▶ Information shown
----------

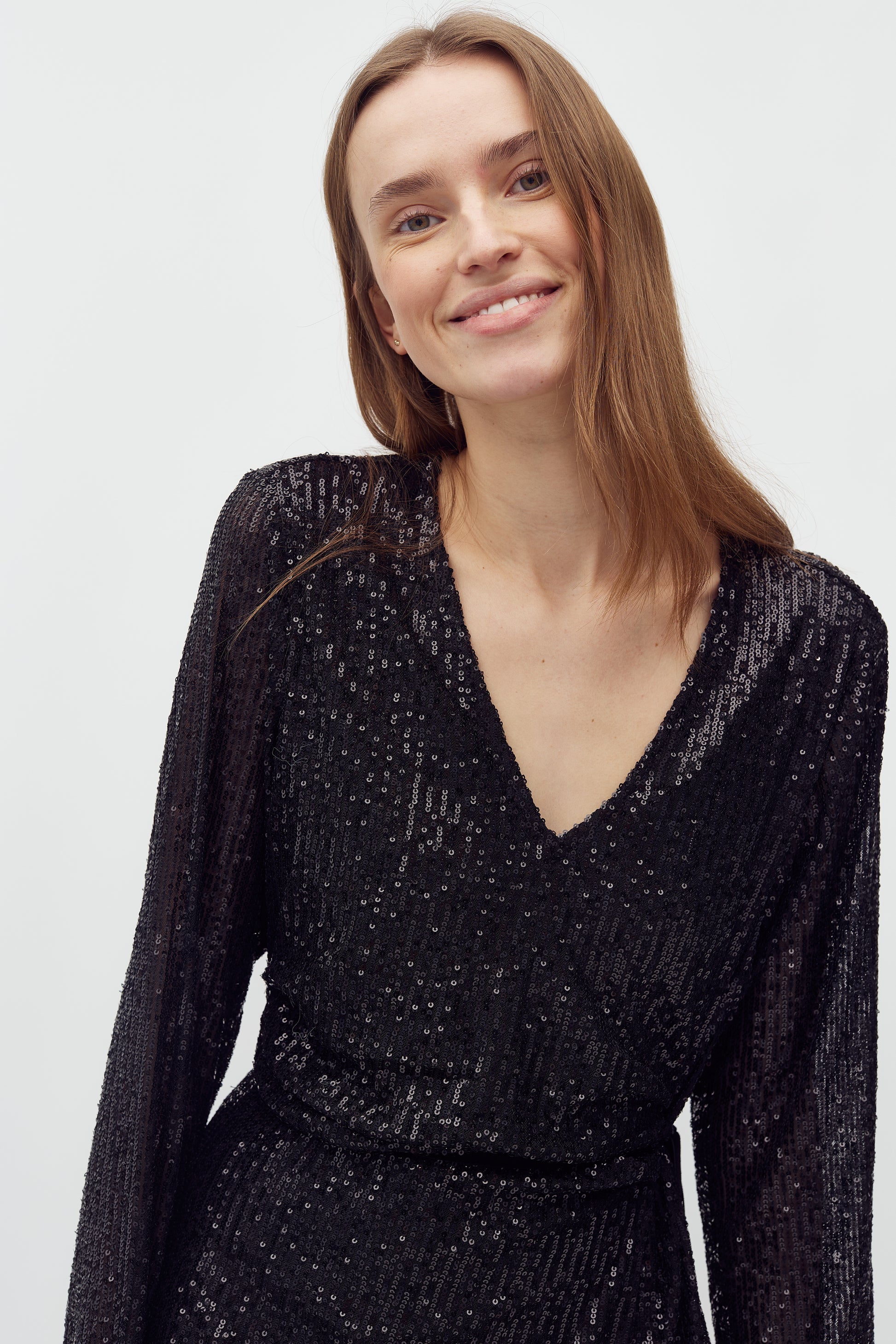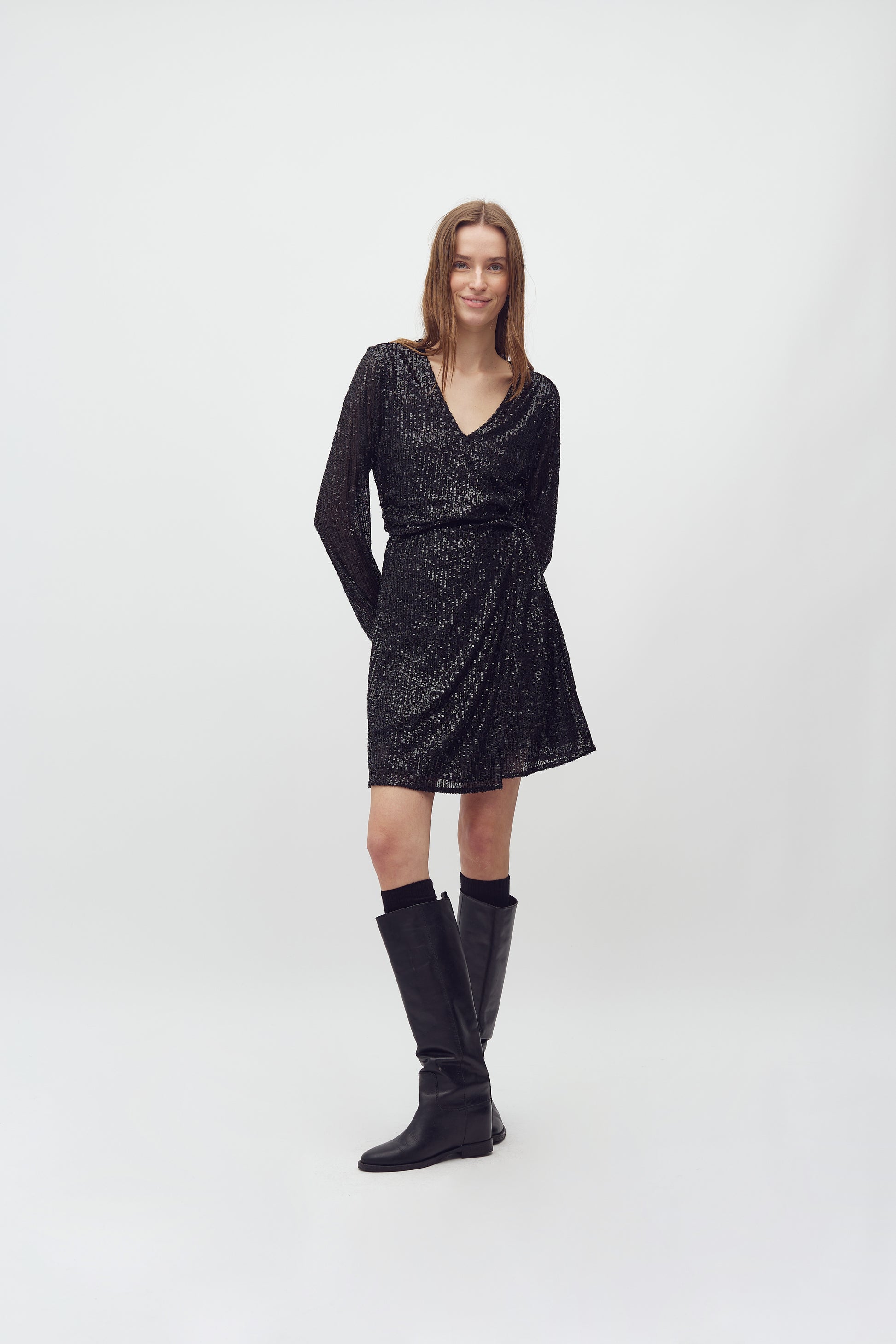 Kurzes Glitzerkleid in Wickeloptik mit V-Ausschnitt.
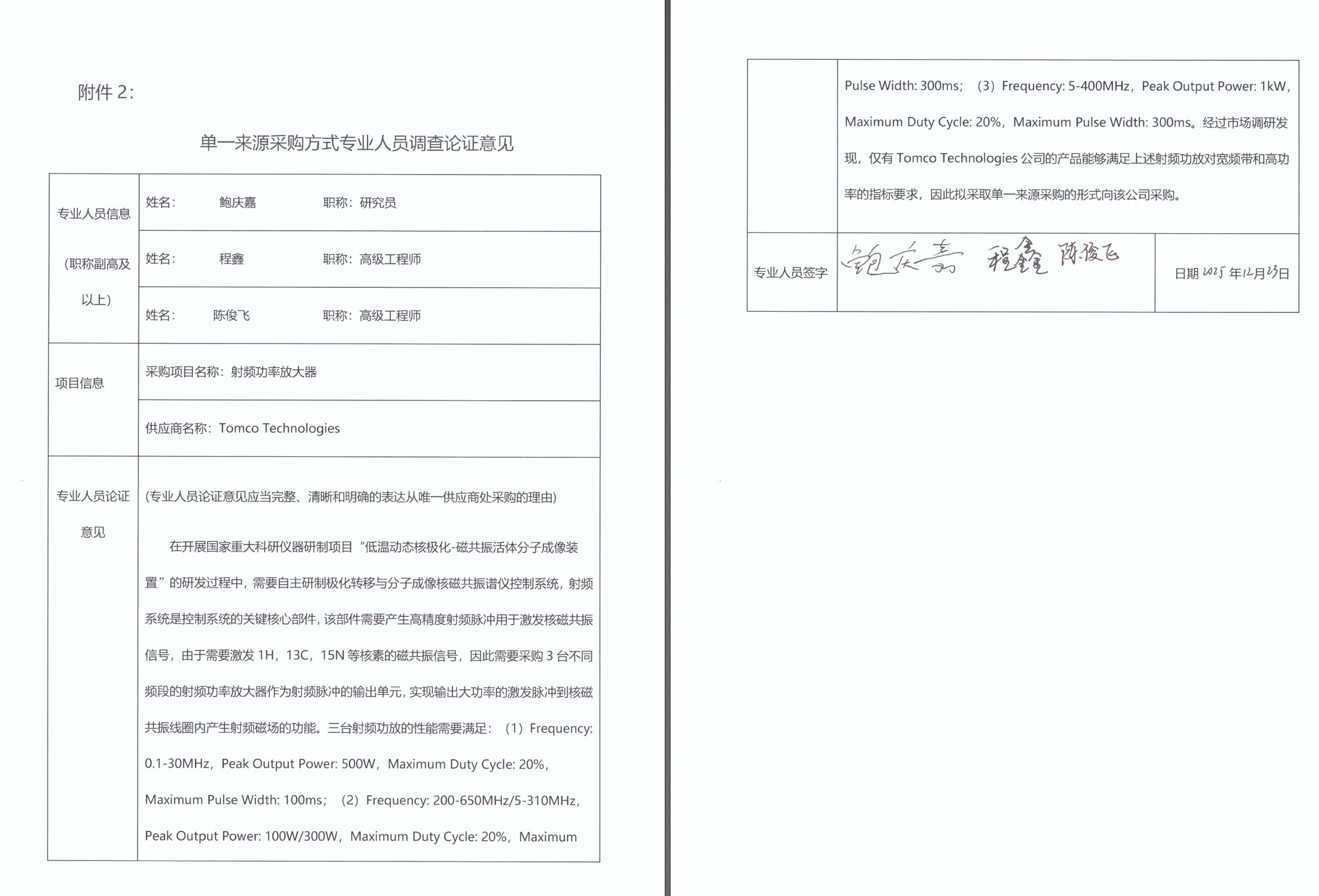 基于科研需求,拟采购3台射频功率放大器的技术参数要求如下。(1)Frequency: 0.1-30MHz,Peak Output Power: 500W,Maximum Duty Cycle: 20%,Maximum Pulse Width: 100ms;(2)Frequency: 200-650MHz/5-310MHz,Peak Output Power: 100W/300W,Maximum Duty Cycle: 20%,Maximum Pulse Width: 300ms;(3)Frequency: 5-400MHz,Peak Output Power: 1kW,Maximum Duty Cycle: 20%,Maximum Pulse Width: 300ms。顺利获得市场调研发现,市场仅Tomco Technologies公司生产的射频功率放大器满足以上需求,拟采取单一来源采购的形式向该公司采购。
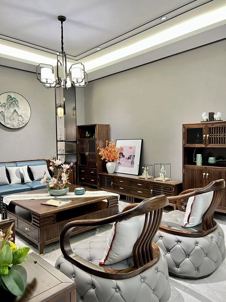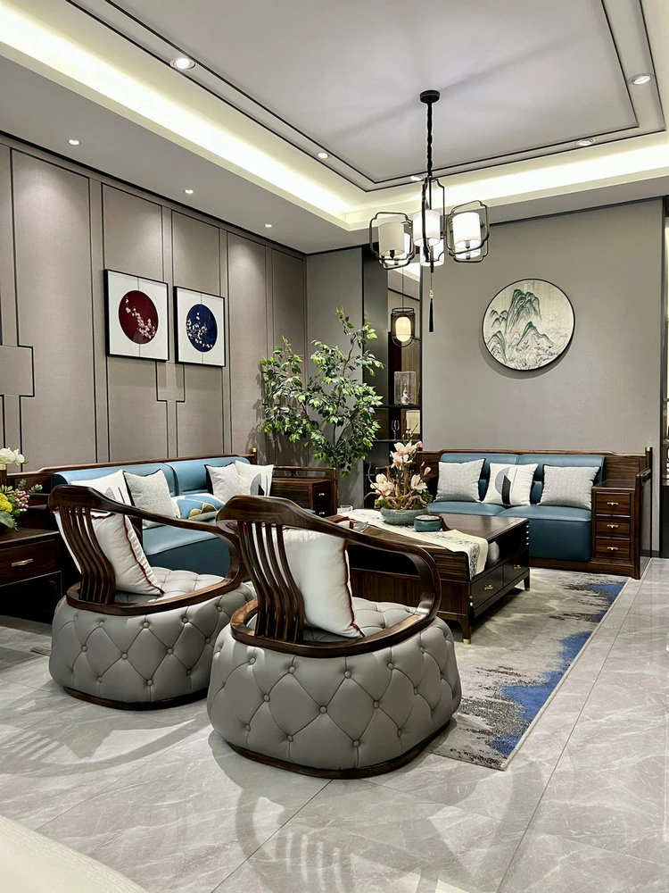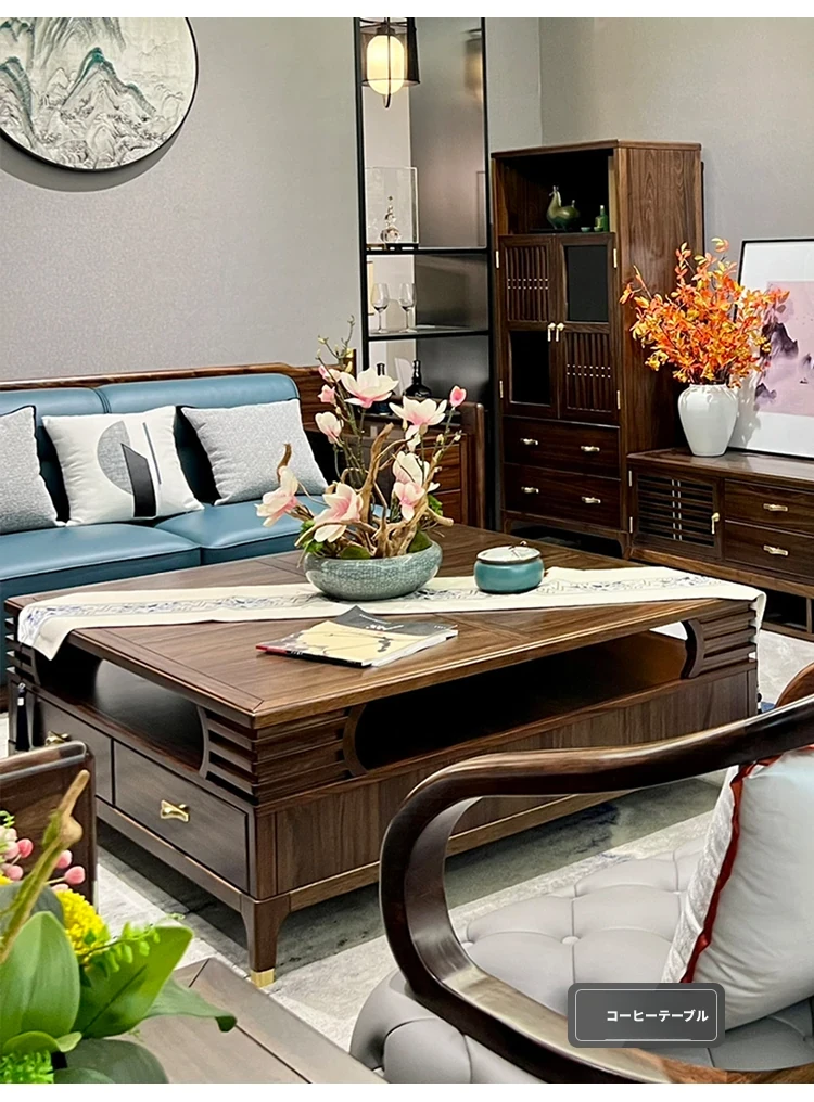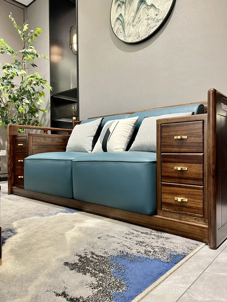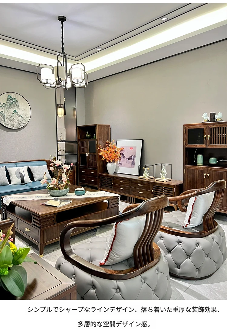 新中式ウッドソファ|高級感あふれるモダンデザイン|全実木・本革仕様|広々としたリビングに最適なシンプルで洗練された禅スタイルソファ|大邸宅向けの贅沢な居心地を提供します!

----------

▶ The problem
The lines running from the beginning of the listing above through the line that holds "基于科研需求,拟采购3台射频功率放大器的技术参数要求如下。(1)Frequency: 0.1-30MHz,Peak Output" are to be duplicated exactly, both ends kept, pictures omitted.

▶ Response
 Kurzes Glitzerkleid in Wickeloptik mit V-Ausschnitt.
 基于科研需求,拟采购3台射频功率放大器的技术参数要求如下。(1)Frequency: 0.1-30MHz,Peak Output Power: 500W,Maximum Duty Cycle: 20%,Maximum Pulse Width: 100ms;(2)Frequency: 200-650MHz/5-310MHz,Peak Output Power: 100W/300W,Maximum Duty Cycle: 20%,Maximum Pulse Width: 300ms;(3)Frequency: 5-400MHz,Peak Output Power: 1kW,Maximum Duty Cycle: 20%,Maximum Pulse Width: 300ms。顺利获得市场调研发现,市场仅Tomco Technologies公司生产的射频功率放大器满足以上需求,拟采取单一来源采购的形式向该公司采购。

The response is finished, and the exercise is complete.